Ривьер толкнул дверь, ведущую в отдел эксплуатации. Отбрасывая в угол светлое пятно, в комнате горела единственная лампочка. Постукивание пишущей машинки придавало какой-то особый смысл тишине, но не нарушало ее. Время от времени трепетал в воздухе телефонный звонок; дежурный секретарь вставал со своего места и шел навстречу этому зову, настойчивому и грустному. Он снимал трубку, и неясная тревога исчезала; в затканном тенью углу начинался тихий разговор. Потом человек бесстрастно возвращался к столу; выражение сонливого одиночества, застывшее на его лице, скрывало неведомую тайну. В часы, когда два почтовых находились в полете, каждый призыв, шедший оттуда, снаружи, из ночи, нес в себе угрозу. Ривьер подумал о телеграмме, которая внезапно обрушивается на собравшуюся вокруг лампы семью, когда в течение нескольких бесконечно долгих секунд лицо отца, прочитавшего телеграмму, еще не выдает своего страшного секрета. Лишь пробегает по лицу легкая волна — такая спокойная, не похожая на крик о помощи…

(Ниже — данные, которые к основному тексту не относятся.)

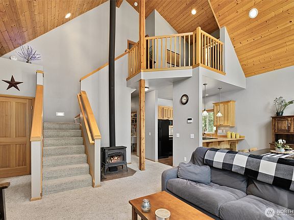 Trail to lake in minutes – Located in a private, park-like setting with a creek and direct trail access to Lake Kachess! This 2 bed, 2.5 bath home backs to Wenatchee National Forest—perfect for hiking, snowmobiling, and ATV adventures right from your door! Soaring ceilings, large windows, and double sliders fill the great room with light. Upstairs, you’ll find the primary ensuite and loft. On the main floor, enjoy a bonus flex space for an office or extra bedroom, plus a cozy woodstove. The lower level offers a separate den or media room. A screened porch doubles as a fun entertaining space, while the drive-through garage provides easy access for all your toys and gear—ideal for full-time living or a weekend getaway!
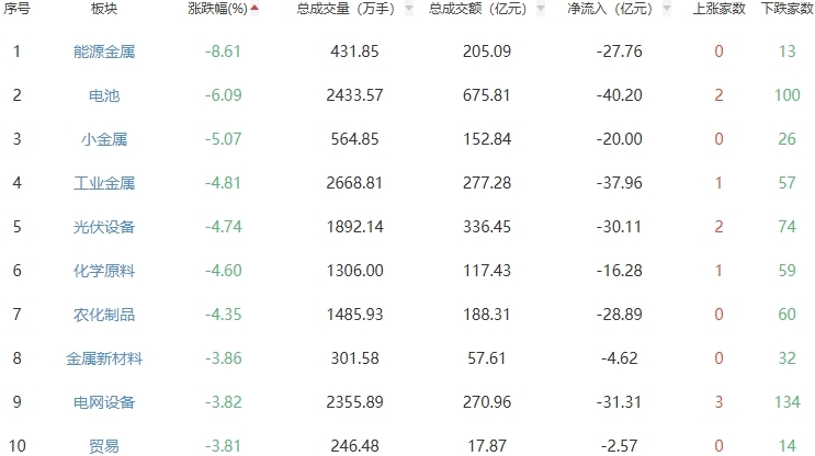 板块方面,种植业与林业板块上涨,能源金属、电池、小金属等板块跌幅居前。

И каждый раз в приглушенном телефонном звонке слышалось Ривьеру глухое эхо этого крика. Одиночество замедляло движения дежурного, делало его похожим на пловца, барахтающегося между двумя волнами. Когда он возвращался из темного угла к своей лампе, казалось, что пловец вынырнул из глубин, и каждый раз в движениях человека чудилась Ривьеру давящая тяжесть секретов.
— Сидите. Я подойду.
Ривьер снял трубку и услышал гуденье ночного мира.
— Говорит Ривьер.
Слабый шум, потом голос:
— Соединяю вас с радиостанцией.
Снова шум, треск переключаемых контактов; потом другой голос:
— Говорит радиостанция. Передаем телеграммы.
Ривьер записывал, кивая головой:
— Так… так…
Ничего существенного. Обычные служебные сводки. Из Рио-де-Жанейро требовали разъяснений, Монтевидео говорил о погоде, а Мендоса о техническом оборудовании. Привычные, домашние звуки.
— А самолеты?
— Гроза. Самолетов не слышим.
— Понятно.
«Здесь ясная, звездная ночь, — думал Ривьер, — а радисты уже обнаружили в ней дыханье далеких гроз».
— До свидания.
Ривьер поднялся. К нему подошел секретарь.
— Бумаги на подпись, господин директор…
— Хорошо.
Ривьер вдруг почувствовал дружескую симпатию к товарищу по работе, на которого тоже взвален груз этой ночи. «Мы вместе ведем бой, — думал Ривьер. — А он так никогда и не узнает, как крепко связывает нас это ночное бдение».
9
Войдя с пачкой бумаг в свой кабинет, Ривьер ощутил вдруг ту острую боль в правом боку, которая вот уже несколько недель не давала ему покоя.
«Плохо дело».
На секунду прислонился к стене.
«Какая нелепость!»
Добрался до кресла.
И снова — в который раз — он, старый лев, почувствовал на себе путы, и глубокая печаль охватила его.
«Столько трудов — чтобы прийти к такому итогу! Мне пятьдесят лет. Пятьдесят лет наполнял я свою жизнь до краев, создавал самого себя, боролся, изменял ход событий — и вот что занимает меня теперь, вот что наполняет меня, вот что вытесняет весь остальной мир. Какая нелепость!»
Он отер пот, подождал, пока боль отпустила его, и принялся за работу.
Медленно перелистывал он бумаги.
«В ходе разборки мотора 301 в Буэнос-Айресе замечено… Наложить на виновного суровое взыскание».
Он подписал.
«На посадочной площадке Флорианополиса вопреки инструкциям…»
Он подписал.
«В дисциплинарном порядке заменить начальника аэродрома Ришара, который…»
Он подписал.
Боль в боку затаилась, но не уходила; она жила в Ривьере как нечто новое, придавая жизни новый смысл, и заставляла Ривьера думать о себе самом — думать с чувством горечи.